SINGAPORE - While Singaporeans can be compassionate, they lack a sense of community, said charity veteran Gerard Ee.
This, in turn, has created a culture where "everything is transactional", he told MyPaper in an interview earlier this month.
Three weeks ago, a BBC News Magazine article which claimed there was a "massive compassion deficit" in Singapore sparked a bout of national soul-searching, with citizens, politicians and even Prime Minister Lee Hsien Loong weighing in.
Mr Ee's take on this? "We are quite shy and don't always help, but if asked we would."
But the same Singaporean who would help his neighbour in an accident would get extremely annoyed if the same neighbour washed a car and the soapy water trickled into his compound, he said.
Whenever there's a tragedy, people here always seem to respond with donations, said Mr Ee. But when it comes to working together as a community, "somehow, that is missing".
"Everyone now just wants to 'chiong' and put 'me' first," he said, using the Hokkien slang word for working or playing hard.
Mr Ee, the son of the late philanthropist Ee Peng Liang, lamented that many Singaporeans have "lost (their) senses" and developed a transactional attitude to life.
"We don't even think about having children as a natural process of life. Now it's about: 'What incentives are you giving to me?'" he said, referring to the Baby Bonus.
He said some people had objected to the Public Transport Council's approving fare increases in January, citing increasing train breakdowns.

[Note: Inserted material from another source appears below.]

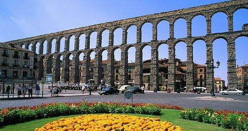 Nada mejor que iniciar el paseo por Segovia que por su famoso Acueducto. Se trata de una soberbia obra de ingenería civil romana de finales del siglo I A.C. El Acueducto mide 15 kilómetros y su punto más bello es el puente de doble arquería que atraviesa la plaza de Azoguejo, de 728 metros de largo y 29 metros de altura.

Singaporeans "have to be realistic" that, as the rail system ages, more problems will crop up, said Mr Ee, who chairs the council. "Over time, people have to be less uptight and accept that, in life, there will be glitches," he said.
One problem is that many have "left community forming to the Government, when it's up to us to form the community".
Singaporeans "need to look out for one another more", he said, likening the nation to an army platoon competing with others in a race.
The best performing platoon would not be the one that reaches the finish line first, thanks to the stronger soldiers running ahead, rather "the one that runs together, with the strong helping the weak".
It is not just people, but also charities that need to be inclusive, added Mr Ee, who used to chair the National Kidney Foundation and is the chairman of Council for Third Age and Canossian School.
Many of them are stuck in an old model where they "scale down or help only those who are poor" - a mindset that stems from Singapore's early days when charities bore most of the burden in helping the needy.
Now that there is more government help for the poor, charities need to shift towards helping all who need the services, regardless of income level, with subsidies for the poor.
"Then, the starting point is designing a programme to optimise charities and help the maximum number of people," he said.
There have been attempts at self-innovation in the charity sector, but it is not happening fast enough to meet society's needs.
"We have really lost ground over the years... the non-governmental organisations and civil societies have to get up to speed," he said.